Clinical Trials /

In Situ, Autologous Therapeutic Vaccination Against Solid Cancers With Intratumoral Hiltonol®

NCT02423863

Description:

The purpose of this study is to evaluate the safety of sequential intratumoral (IT) plus intramuscular (IM) Polyinosinic-polycytidylic acid stabilized with polylysine and carboxymethylcellulose (poly-ICLC, Hiltonol®) for treatment of study subjects with accessible solid tumors, with or without checkpoint blockers. Enrolled study subjects will receive Poly-ICLC (Hiltonol®) treatment alone or in combination with anti-PD-1 (Nivolumab, Pembrolizumab or Cemiplimab) or anti-PD-L1 (Atezolizumab or Durvalumab) over 6 months as defined in study treatment described below.

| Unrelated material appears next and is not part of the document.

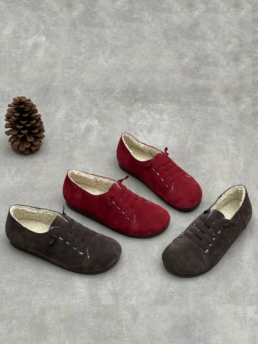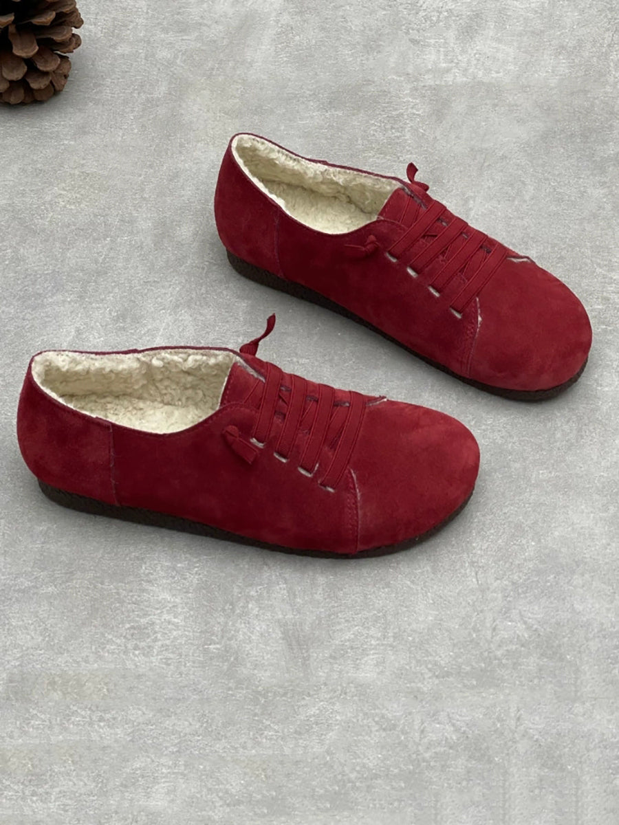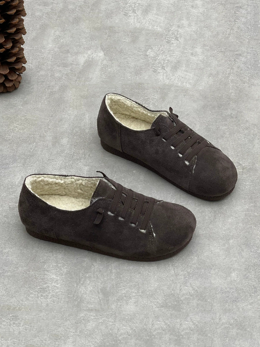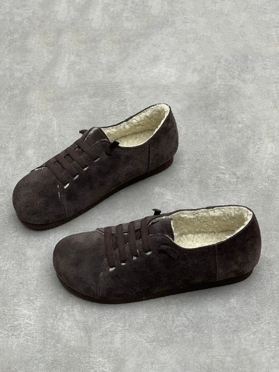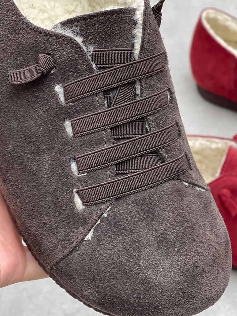 Zapatos vintage de piel auténtica con forro polar para mujer

MRI or CT imaging will be done per SOC at screening, 3 and 6-month time points.

Related Conditions:
  • Head and Neck Squamous Cell Carcinoma
  • Malignant Skin Neoplasm
  • Melanoma
  • Sarcoma
Recruiting Status:

Recruiting

Phase:

Phase 2

Trial Eligibility

Document

Title

  • Brief Title: In Situ, Autologous Therapeutic Vaccination Against Solid Cancers With Intratumoral Hiltonol®
  • Official Title: In Situ, Autologous Therapeutic Vaccination Against Solid Cancers With Intratumoral Hiltonol® (Poly-ICLC): An Adaptive, Multicenter, Phase II Clinical Study

Clinical Trial IDs

  • ORG STUDY ID: ONC2014-001
  • SECONDARY ID: 1R44CA183075-01A1
  • NCT ID: NCT02423863

Conditions

  • Melanoma
  • Head and Neck Cancer
  • Sarcoma
  • Non-Melanoma Skin Cancers

Interventions

DrugSynonymsArms
HiltonolPoly-ICLC, Nivolumab, Pembrolizumab, Atezolizumab, Cemiplimab, DurvalumabHiltonol Poly-ICLC

Purpose

The purpose of this study is to evaluate the safety of sequential intratumoral (IT) plus intramuscular (IM) Polyinosinic-polycytidylic acid stabilized with polylysine and carboxymethylcellulose (poly-ICLC, Hiltonol®) for treatment of study subjects with accessible solid tumors, with or without checkpoint blockers. Enrolled study subjects will receive Poly-ICLC (Hiltonol®) treatment alone or in combination with anti-PD-1 (Nivolumab, Pembrolizumab or Cemiplimab) or anti-PD-L1 (Atezolizumab or Durvalumab) over 6 months as defined in study treatment described below. MRI or CT imaging will be done per SOC at screening, 3 and 6-month time points.

Detailed Description

      For purposes of analysis patients enrolled in Stage II of this study will be prospectively
      identified at initial screening as belonging to statistical Cohorts A, B, or C, which are
      based on patient status with regard to aPD1/aPDL1 therapy at study entry, (PD, SD, or
      treatment naïve) per section 11.5. For purposes of this study, patient status is considered
      to be the primary eligibility variable, although sub analyses will also consider histology
      and particular checkpoint blocker used when possible. Please see section 12 (Statistical
      Analysis) for further discussion.

      Week 1 Days 1, 3 and 5: Poly-ICLC (Hiltonol®) 1 mg (0. 5 ml) IntraTumoral (priming treatment
      course).

      Weeks 2-25:

        1. Poly-ICLC (Hiltonol®) 1 mg (0.5 ml) IM twice a week with a 48-72 hour interval between
           the two injections, AND either:

        2. No additional immunotherapy OR

        3. ONLY ONE of the following Anti-PD1 or anti-PDL-1 regimens will be administered, per
           manufacturer's dosing and clinical oncologist's discretion as follows: (Not to be
           Administered on the same day as Poly-ICLC [Hiltonol®])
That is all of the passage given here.